A questão principal é que a soma ou a justaposição de espaços privados não faz
uma cidade. Essa é uma crise e um drama do crescimento atual, na medida em
que se está abandonando a idéia mais simples e mais corriqueira de cidade: as
relações de troca, de convivência, do encontro do diferente, do coletivo e da
possibilidade de solidariedade e de conflitualidade no espaço urbano.
Em termos da cultura do desperdício, já se está acostumado a que os objetos –
computador, geladeira, fogão, máquina fotográfica – devam ser trocados a cada
três ou quatro anos. Nada mais dura muito.
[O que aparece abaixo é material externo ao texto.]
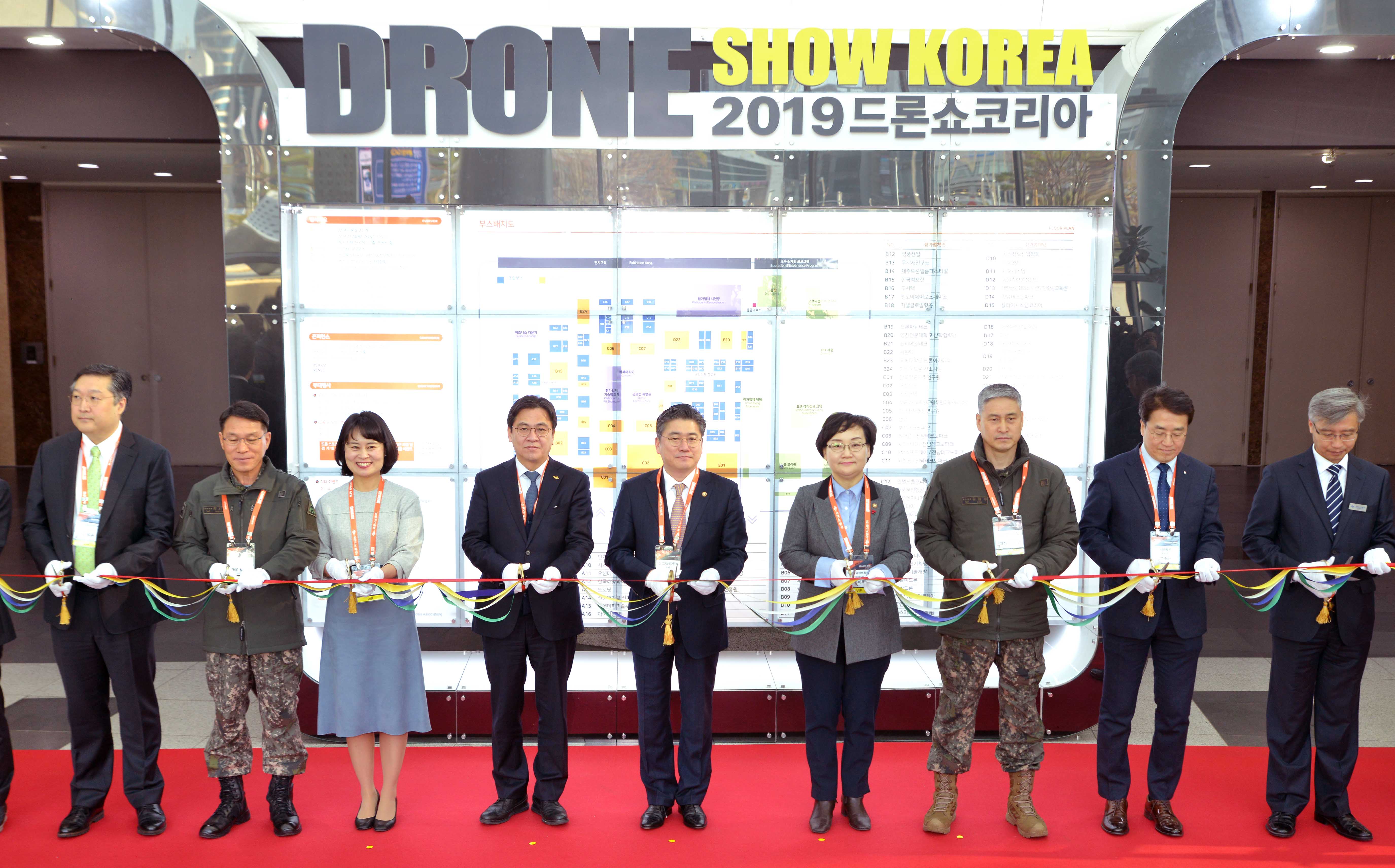 Trade, Industry and Energy Vice Minister Cheong Seung-il (center) and Science Vice Minister Mun Mi-ock (fourth from the right) gave welcoming remarks at the opening ceremony of 2019 Drone Show Korea held in Busan on January 24.During his speech, Vice Minister Cheong introduced the Korean government’s support plans for the drone sector, adding that the competitiveness of the drone industry would require business skills as well as the technology the market wants. He also visited the exhibiti date2019-01-24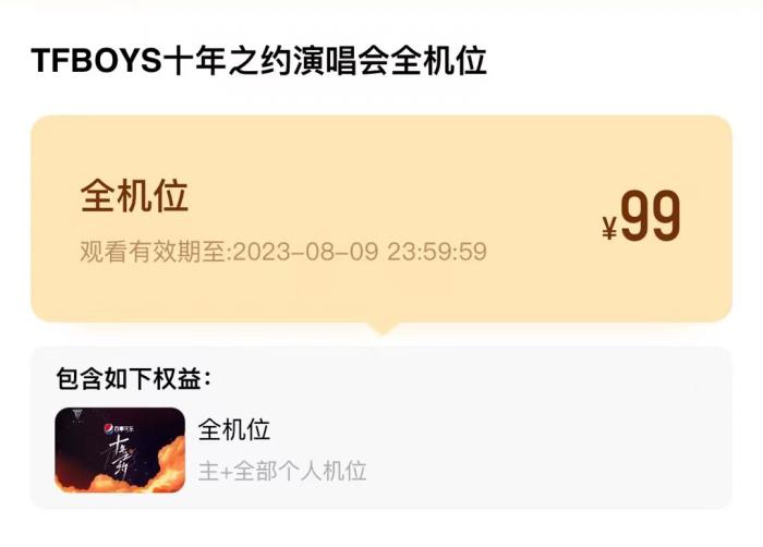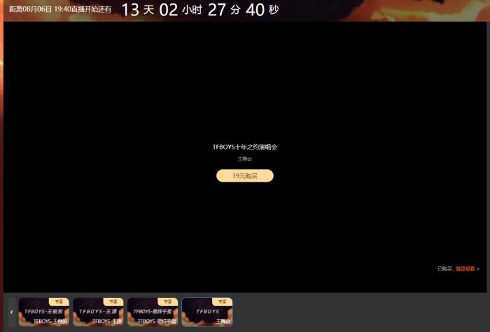 作為三個男孩出道十周年的紀念演出,演唱會的搶票大戰讓網友直呼“這陣仗從沒見過”。24日早間,有網友在社交媒體稱,就連優酷的線上直播票也需要搶,158元一張,還要優酷年VIP才有資格買,“優酷太黑了”。

Tudo tem que ser recorrentemente
trocado, abandonado, e isso está acontecendo também com o espaço da cidade.
A produção infindável de espaço novo, característica de certas formas de
crescimento, faz necessariamente sucumbir áreas inteiras da cidade. Quanto mais
se constrói na vertente atlântica de expansão de Salvador – Iguatemi, Paralela,
Orla, Lauro de Freitas –, mais se esvaziam, na mesma medida, outras áreas da
cidade. Assim, assistimos à repetição e aceleração de processos que já
esvaziaram áreas centrais como o Comércio aqui em Salvador. Simplesmente
3 Artigo 347 da lei 7.400/2008, ou lei do Plano Diretor de Desenvolvimento Urbano
porque não há demanda que seja capaz de dar conta dessa quantidade de novos
objetos que vêm sendo construídos na cidade. Portanto, a produção se pauta hoje
por uma população inexistente, o que, muito em breve, pode fazer com que os
espaços novos que pontuam nossos horizontes já sejam, eles mesmos, espaços
fantasmas na cidade. Isso pode ser visto em várias cidades americanas, com a
última crise, a da bolha imobiliária, que devastou áreas urbanas enormes. Então,
ao lado de áreas cada vez mais privadas, de áreas de circulação extremamente
restritas e controladas, nós vamos ter também áreas vazias em nossas cidades.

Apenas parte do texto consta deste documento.